The default URL is https://xxx.xxx.xxx.xxx:11090/oc/

The port wasn't in the docs, and the path wasn't in some of the docs. None of it came up Googling.

So frustrating. I had a screen scrape of my install, but somehow missed this, or maybe it's only under advanced?

I couldn't find it in other docs, but Will was able to help me out.
Josh 2004 Happy

TSM.PWD permissions

In the past, I set up TSM.PWD as root, but this seems to not be what I needed.

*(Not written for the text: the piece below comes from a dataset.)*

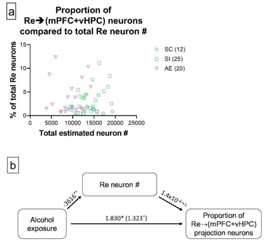 Figure 5. Neuron loss did not mediate the AE-induced increase in proportion of Re neurons that concurrently innervate mPFC and vHPC. (a) Scatterplot showing the relationship between total neuron number in Re and proportion of Re→(mPFC + vHPC) projection neurons; (b) Schematic representation of the mediation analysis between AE, Re neuron number, and proportion of Re→(mPFC + vHPC) projection neurons. The total effect of AE (in % of neurons) is shown in parentheses, while the direct effect is listed immediately next to the total effect (also in % of neurons). While the relationship between AE and Re neuron number was significant (estimate given in number of neurons), there was no significant association between Re neuron number and proportion of Re→(mPFC + vHPC) projection neurons, resulting in a lack of mediating effect. Data include both male and female animals, which are not differentiated due to the lack of sex effects. Sample sizes are given in parentheses next to each treatment group in the panel (a) legend. * p ≤ 0.050, ** p ≤ 0.010, n.s. = not statistically significant. For exact statistical values, see Section 3.3.

I'm posting because the error messages and IBM docs don't cover this.

tsmdbmgr.log shows:
ANS2119I An invalid replication server address return code rc value = 2 was received from the server.

TSM Activity log shows:
ANR2983E Database backup terminated due to environment or setup issue related to DSMI_DIR - DB2 sqlcode -2033 sqlerrmc 168. (SESSION: 1, PROCESS: 9)

db2diag.log shows:

2014-02-26-13.54.12.425089-360 E415619A371 LEVEL: Error
PID : 15138852 TID : 1 PROC : db2vend
INSTANCE: tsminst1 NODE : 000
HOSTNAME: tsmserver
EDUID : 1
FUNCTION: DB2 UDB, database utilities, sqluvint, probe:321
DATA #1 : TSM RC, PD_DB2_TYPE_TSM_RC, 4 bytes
TSM RC=0x000000A8=168 -- see TSM API Reference for meaning.

EDUID : 38753 EDUNAME: db2med.35926.0 (TSMDB1) 0
FUNCTION: DB2 UDB, database utilities, sqluMapVend2MediaRCWithLog, probe:656
DATA #1 : String, 134 bytes
Vendor error: rc = 11 returned from function sqluvint.
Return_code structure from vendor library /tsm/tsminst1/sqllib/adsm/libtsm.a:

DATA #2 : Hexdump, 48 bytes
0x0A00030462F0C4D0 : 0000 00A8 3332 3120 3136 3800 0000 0000 ....321 168.....
0x0A00030462F0C4E0 : 0000 0000 0000 0000 0000 0000 0000 0000 ................
0x0A00030462F0C4F0 : 0000 0000 0000 0000 0000 0000 0000 0000 ................

EDUID : 38753 EDUNAME: db2med.35926.0 (TSMDB1) 0
FUNCTION: DB2 UDB, database utilities, sqluMapVend2MediaRCWithLog, probe:696
MESSAGE : Error in vendor support code at line: 321 rc: 168

RC 168 per dsmrc.h means:
#define DSM_RC_NO_PASS_FILE 168 /* password file needed and user is
not root */

Verified everything required for this:
• passworddir points to the right directory
• DSMI_DIR points to the right directory
• dsmtca runs okay
• dsmapipw runs okay

Verified hostname info was correct

dsmffdc.log shows:
[ FFDC_GENERAL_SERVER_ERROR ]: (rdbdb.c:4200) GetOtherLogsUsageInfo failed, rc=2813, archLogDir = /tsm/arch.

Checked, and the log directory inside dsmserv.opt was typoed as /tsm/arch instead of /tsm/arc as was used to create the instance and as exists on the filesystems.

Updated dsmserv.opt and restarted tsm server. No change other than fixing Q LOG

SOLUTION:
The TSM.PWD file must be owned by the instance user, not by root.
Make sure to run the dsmapipw as the instance user, or chown the file after.

Simple, and fairly obvious, but maybe not always so obvious.